Detailansicht 2012

2011
16 Hoher Grad an Kochkunst, Kreativität und Qualität

Bewertung aus
GAULT MILLAU Österreich 2011.


Das reizvolle Tannheimer Tal ist nicht nur seiner landschaftlichen Schönheit wegen ein beliebtes Ziel, auch die Gourmets kommen hier auf ihre Kosten. Die kleine, gemütliche Tannheimer Stube hat sich zu einer Oase des Genusses entwickelt, wenngleich die hohen Erwartungen der vergangenen Jahre heuer nicht ganz erfüllt werden konnten. Aus einer siebengängigen Menüfolge konnte mit oder ohne Taube gewählt werden, eine Menüalternative wie in den vorangegangenen Jahren wurde diesmal nicht geboten. Knusprige, warme Ciabatta mit Olivenöl, Balsamico und Tapenade und ein sehr geschmackvolles Amuse geule aus Büffelmozzarella, Tomaten, Basilikum und Makrele erwiesen sich als tadelloser Auftakt des mediterran gehaltenen Menüs. Unvergleichlich gut und zart das Beef Tatar, ebenso lobenswert die zarten Langostinos mit gegrilltem weißen Spargel.
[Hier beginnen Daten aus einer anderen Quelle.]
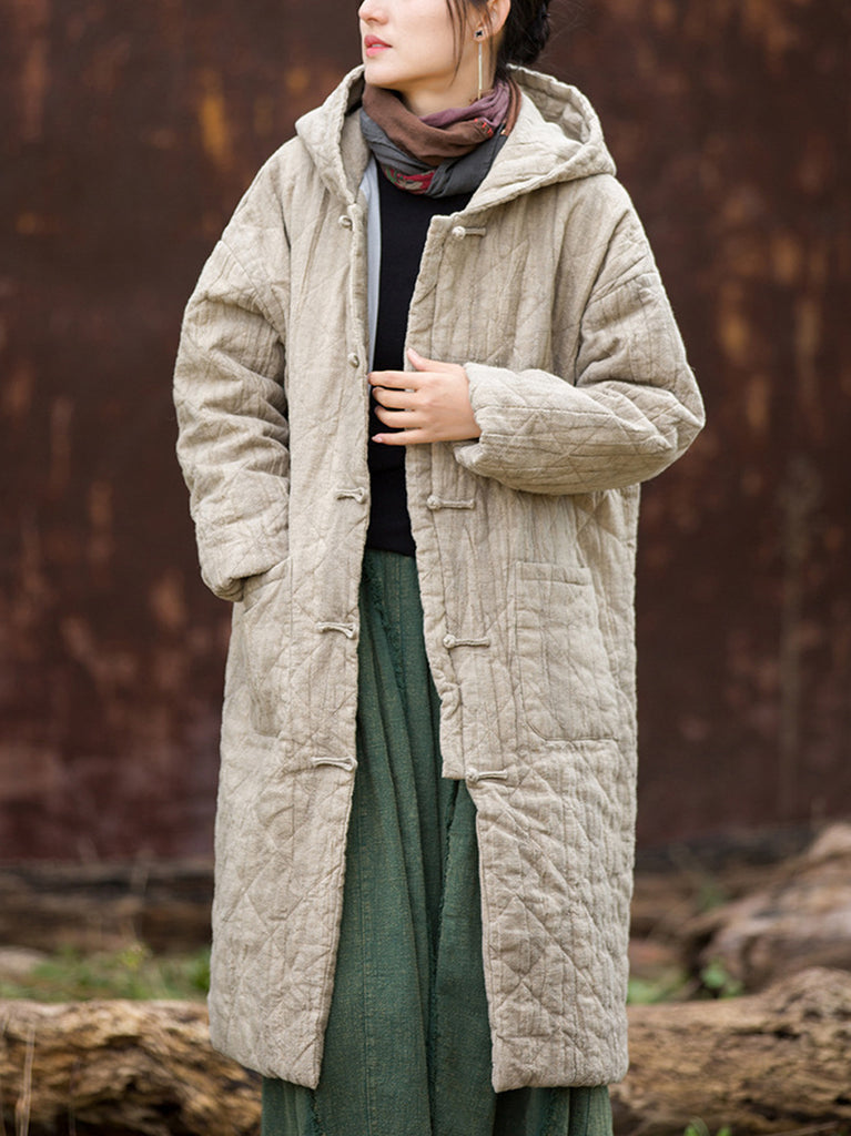 Kvinder Vinter Vintage Linen Bomuld Polstret Frakke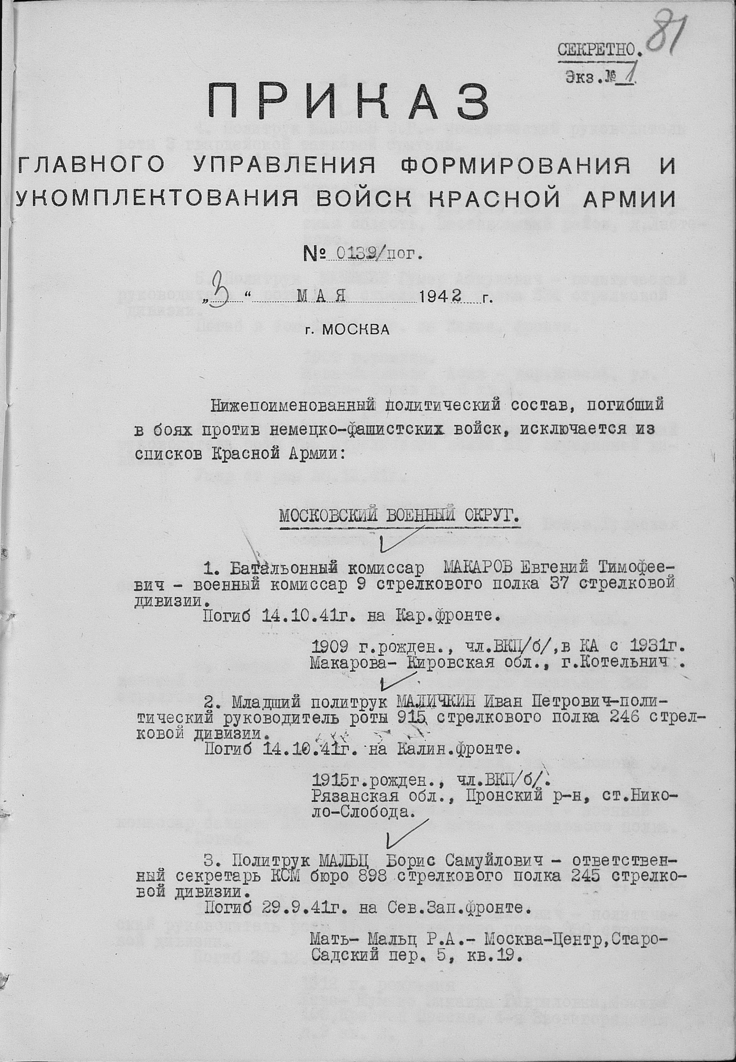 Приказ об исключении из списков. Номер 139. 03.05.1942. Источник: ГУФ и УВ КА. Страница 3 Перейти к списку

Wunderbar für Auge und Gaumen der Scampo rosso mit Zitronen-Couscous, geschmortem Mangold und Krustentierjus, ebenfalls vorzüglich abgestimmt und dekorativ auf den Teller gebracht war der Salat von der Rotbarbe mit Aubergine und Tomate. Wenngleich optisch immer sehr reizvoll, so fiel doch auf, wie ähnlich einander sämtliche Gerichte sahen. Als erfrischender Zwischengang wurde ein geschmacklich überraschendes Himbeersorbet mit Salz aus Zypern und Olivenöl von Küchenchef Raffaele Cannizzaro persönlich serviert. Die Verbindung von Tradition und Innovation wurde mit dem rosa gebratenen Tiroler Rindsfilet mit Trüffelvinaigrette und belgischem Chicorée realisiert, wobei das Trüffelaroma leider irgendwo verloren ging. Eine süße Verführung, wie auf der Menükarte versprochen, war „Dies und das von der Kirsche" zumindest bedingt. In zwei Gängen erfreute ein delikates Kirschenragout mit Schokolade-Ganache. Die Weinkarte ist sehr gut sortiert und auf österreichische Weine fokussiert.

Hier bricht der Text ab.